> [Entries taken from a collection]:
◇ ◇ ◇
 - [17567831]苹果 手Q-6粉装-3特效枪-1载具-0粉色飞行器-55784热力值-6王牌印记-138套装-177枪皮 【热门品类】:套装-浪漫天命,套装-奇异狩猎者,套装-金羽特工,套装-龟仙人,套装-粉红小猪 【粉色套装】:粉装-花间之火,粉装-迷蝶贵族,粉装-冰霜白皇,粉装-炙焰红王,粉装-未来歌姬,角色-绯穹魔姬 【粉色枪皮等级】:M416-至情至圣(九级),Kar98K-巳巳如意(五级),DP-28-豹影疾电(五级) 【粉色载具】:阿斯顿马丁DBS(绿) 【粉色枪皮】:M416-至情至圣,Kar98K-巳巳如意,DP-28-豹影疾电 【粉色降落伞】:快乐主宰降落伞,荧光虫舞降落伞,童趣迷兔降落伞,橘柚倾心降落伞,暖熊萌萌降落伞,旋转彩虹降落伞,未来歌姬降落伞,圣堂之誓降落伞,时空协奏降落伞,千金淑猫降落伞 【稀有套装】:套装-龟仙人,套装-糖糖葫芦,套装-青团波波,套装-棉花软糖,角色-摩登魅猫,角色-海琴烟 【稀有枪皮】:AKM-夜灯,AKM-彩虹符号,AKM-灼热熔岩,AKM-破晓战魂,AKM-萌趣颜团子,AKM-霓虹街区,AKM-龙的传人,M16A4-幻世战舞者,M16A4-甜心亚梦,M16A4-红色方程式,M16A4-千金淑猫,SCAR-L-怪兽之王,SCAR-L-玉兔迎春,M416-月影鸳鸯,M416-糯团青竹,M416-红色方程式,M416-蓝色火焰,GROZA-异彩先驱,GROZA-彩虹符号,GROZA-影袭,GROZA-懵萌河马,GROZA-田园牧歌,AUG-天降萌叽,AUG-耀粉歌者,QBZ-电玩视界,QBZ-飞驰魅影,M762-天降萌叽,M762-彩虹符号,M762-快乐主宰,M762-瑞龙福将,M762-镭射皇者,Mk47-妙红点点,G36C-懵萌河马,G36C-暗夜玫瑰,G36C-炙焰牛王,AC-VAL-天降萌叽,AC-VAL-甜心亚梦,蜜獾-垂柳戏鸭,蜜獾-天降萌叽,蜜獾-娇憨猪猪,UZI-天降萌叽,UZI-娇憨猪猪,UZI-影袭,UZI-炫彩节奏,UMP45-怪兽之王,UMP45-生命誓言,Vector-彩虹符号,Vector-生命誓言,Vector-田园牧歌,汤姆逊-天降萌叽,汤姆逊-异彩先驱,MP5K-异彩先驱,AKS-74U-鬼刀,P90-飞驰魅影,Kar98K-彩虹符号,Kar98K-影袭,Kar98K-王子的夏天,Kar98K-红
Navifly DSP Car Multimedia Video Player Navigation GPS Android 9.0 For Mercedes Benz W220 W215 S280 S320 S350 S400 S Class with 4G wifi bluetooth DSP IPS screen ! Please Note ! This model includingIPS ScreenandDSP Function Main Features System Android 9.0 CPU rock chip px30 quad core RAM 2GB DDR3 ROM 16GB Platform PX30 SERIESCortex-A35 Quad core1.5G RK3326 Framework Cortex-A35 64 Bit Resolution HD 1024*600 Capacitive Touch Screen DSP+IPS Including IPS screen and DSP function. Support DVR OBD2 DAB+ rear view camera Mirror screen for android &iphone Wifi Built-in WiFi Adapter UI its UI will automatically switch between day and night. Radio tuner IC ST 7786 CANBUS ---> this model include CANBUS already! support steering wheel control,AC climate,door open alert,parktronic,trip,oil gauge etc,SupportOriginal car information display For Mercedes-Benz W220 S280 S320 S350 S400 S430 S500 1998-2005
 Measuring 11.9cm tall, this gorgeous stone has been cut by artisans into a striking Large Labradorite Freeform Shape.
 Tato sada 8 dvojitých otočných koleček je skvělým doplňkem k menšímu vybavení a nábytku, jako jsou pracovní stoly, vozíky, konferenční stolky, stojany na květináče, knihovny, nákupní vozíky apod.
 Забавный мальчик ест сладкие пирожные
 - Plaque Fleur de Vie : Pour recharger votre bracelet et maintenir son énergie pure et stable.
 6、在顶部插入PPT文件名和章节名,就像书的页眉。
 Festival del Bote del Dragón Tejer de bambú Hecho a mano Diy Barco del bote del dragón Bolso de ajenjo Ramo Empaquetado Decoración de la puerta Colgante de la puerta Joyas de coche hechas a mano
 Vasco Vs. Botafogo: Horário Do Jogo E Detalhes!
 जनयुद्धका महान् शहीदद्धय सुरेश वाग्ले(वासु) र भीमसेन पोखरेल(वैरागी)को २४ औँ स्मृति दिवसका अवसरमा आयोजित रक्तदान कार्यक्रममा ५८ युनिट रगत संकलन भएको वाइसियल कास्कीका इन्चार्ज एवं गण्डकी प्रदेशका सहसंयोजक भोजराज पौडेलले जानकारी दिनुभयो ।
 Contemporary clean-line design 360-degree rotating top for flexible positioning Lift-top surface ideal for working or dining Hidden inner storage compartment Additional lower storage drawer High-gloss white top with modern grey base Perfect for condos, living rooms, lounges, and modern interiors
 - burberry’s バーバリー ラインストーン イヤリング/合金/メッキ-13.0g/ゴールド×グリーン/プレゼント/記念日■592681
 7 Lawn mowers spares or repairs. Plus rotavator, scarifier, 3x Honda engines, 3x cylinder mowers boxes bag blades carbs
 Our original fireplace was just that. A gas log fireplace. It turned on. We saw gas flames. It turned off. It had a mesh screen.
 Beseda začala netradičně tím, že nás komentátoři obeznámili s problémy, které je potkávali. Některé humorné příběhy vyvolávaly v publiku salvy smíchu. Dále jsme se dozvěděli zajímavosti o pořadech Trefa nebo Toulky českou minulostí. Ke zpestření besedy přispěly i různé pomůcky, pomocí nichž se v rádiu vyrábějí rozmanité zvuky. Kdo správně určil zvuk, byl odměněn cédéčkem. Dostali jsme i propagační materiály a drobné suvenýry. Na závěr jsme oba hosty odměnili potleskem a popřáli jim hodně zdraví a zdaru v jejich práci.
◇ ◇ ◇
> [Exercise details]: Scan the entries above for the line containing "- Plaque Fleur", and copy it and all lines after it exactly, down to and including the line containing "Vasco Vs. Botafogo: Horário".

> [Your solution]:
 - Plaque Fleur de Vie : Pour recharger votre bracelet et maintenir son énergie pure et stable.
 6、在顶部插入PPT文件名和章节名,就像书的页眉。
 Festival del Bote del Dragón Tejer de bambú Hecho a mano Diy Barco del bote del dragón Bolso de ajenjo Ramo Empaquetado Decoración de la puerta Colgante de la puerta Joyas de coche hechas a mano
 Vasco Vs. Botafogo: Horário Do Jogo E Detalhes!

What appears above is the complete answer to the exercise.